Here `Cube` generates six faces, one per side this is presented as a `Quad<Vertex3<f32>>`.

`vertex` maps a function to each vertex in each face, in this case we want to convert from `genmes`'s internal vertex format to our own. We now have a `Quad<MyVertex>>`.

We can do a polygon level transform and modify the polygon as a whole. In the example we add a valid texture coordinate to each face. Since genmesh is just an extension of iterators we can do a polygon level transform using just `map`.
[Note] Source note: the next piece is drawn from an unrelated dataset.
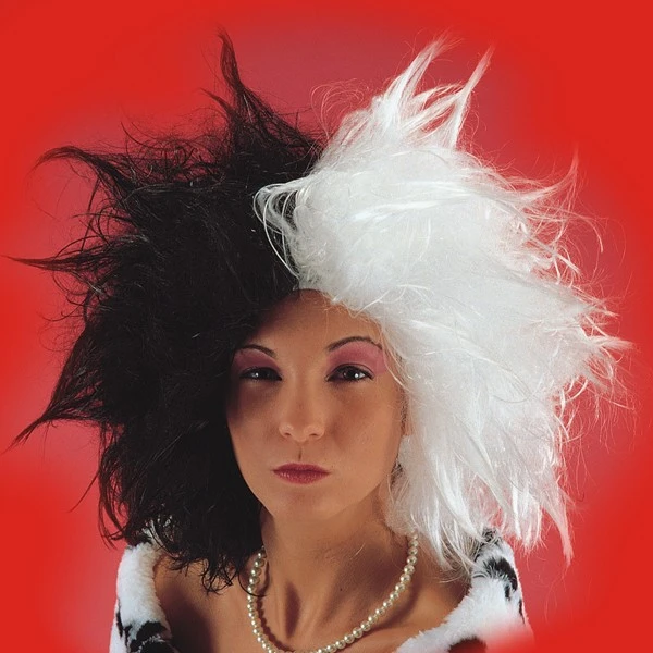 Parrucca da Crudelia, il personaggio cattivo del capolavoro La carica dei 101! Una riproduzione fedele della pettinatura e colore di capelli della crudele Dumon, che potete acquistare a prezzo esclusivo da sito.

`triangulate` will convert the `Quad<MyVertex>` to a `Triangle<MyVertex>>`. This will produce two polygons and six vertices. Some of the verticies are cloned in order to complete this operation.

`verticies` now unwraps each triangle and returns the vertices in-order. This will obviously produce 3 results for each polygon.

`collect` is a standard Iterator operation.